For 2Q, Singapore Tourism Board’s latest figures show a respectable +4.9% YoY growth in April’s visitor arrivals, although more tepid than the +7.3% YoY growth we saw for the Jan-Mar period. Correspondingly, visitor days are up +2.5% YoY in Apr. Changi Airport’s statistics also appear to indicate decent pace of growth, with passenger movements up +5.1% YoY in Apr and +5.8% YoY in May.
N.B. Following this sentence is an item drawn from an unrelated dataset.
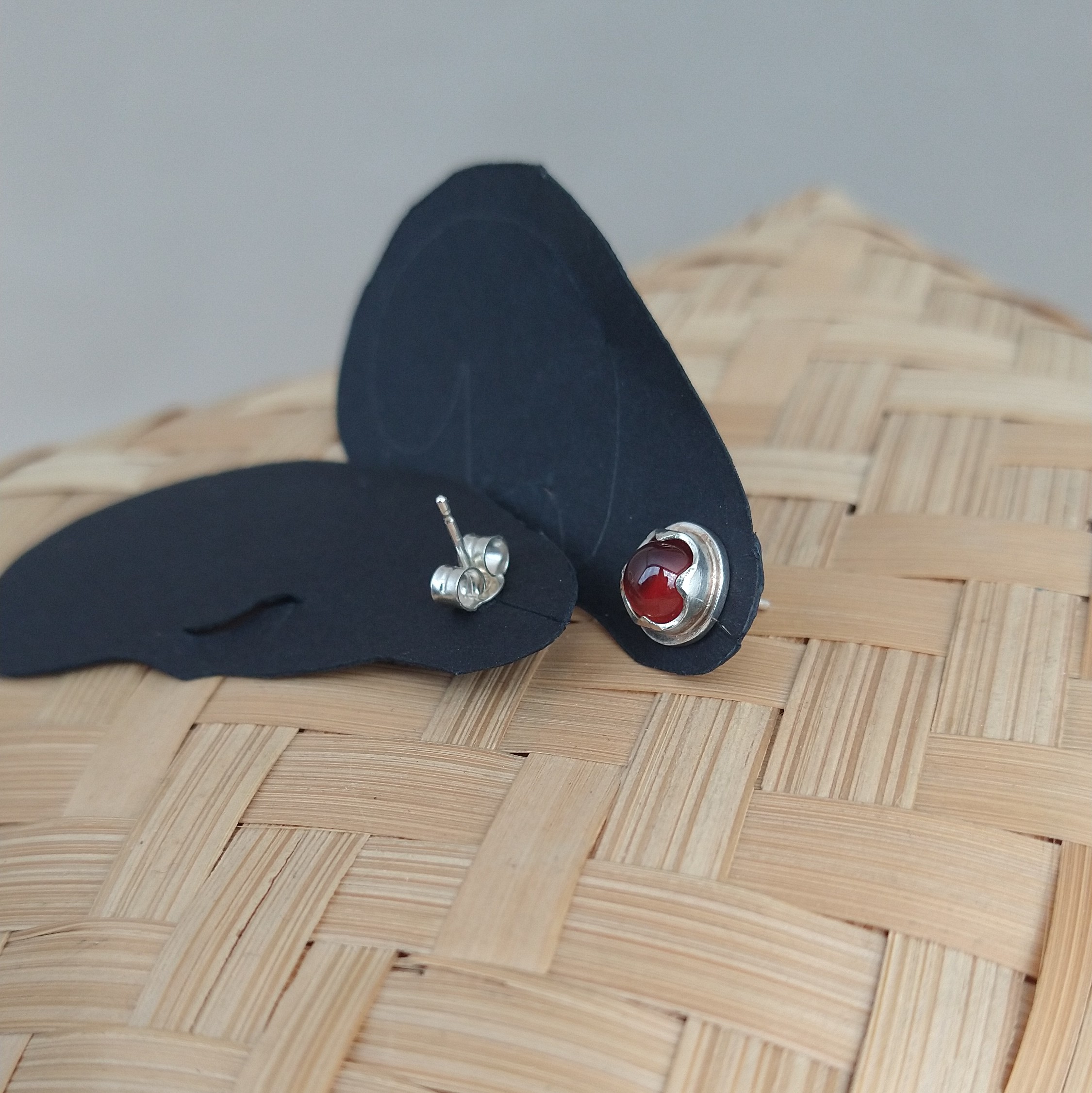 Puces en argent 925 et cabochons de grenat rouge-orangé.

RevPAR Growth: Mid-Tier Outperforms Upscale; Look to FEHT

On the other hand, RevPARs for Economy hotels are up +13.0% in Apr, followed +6.6% for MidTier, +4.1% for Luxury and +0.4% for Upscale hotels. We believe that Mid-Tier hotels are set to outperform Upscale hotels in terms of YoY growth as we progress into the year, given the relative underperformance of the former last year with the many Mid-Tier hotels that came on-stream.

Given that Far East Hospitality Trust’s (FEHT) assets are concentrated in the Mid-Tier segment, we expect them to enjoy robust RevPAR growth in 2Q and onwards. Recall that FEHT’s hotel assets posted a 3.3% growth in RevPAR in 1Q17. With interest rate risks in mind, our top pick remains Far East Hospitality Trust [BUY; FV: S$0.735]. Maintain NEUTRAL.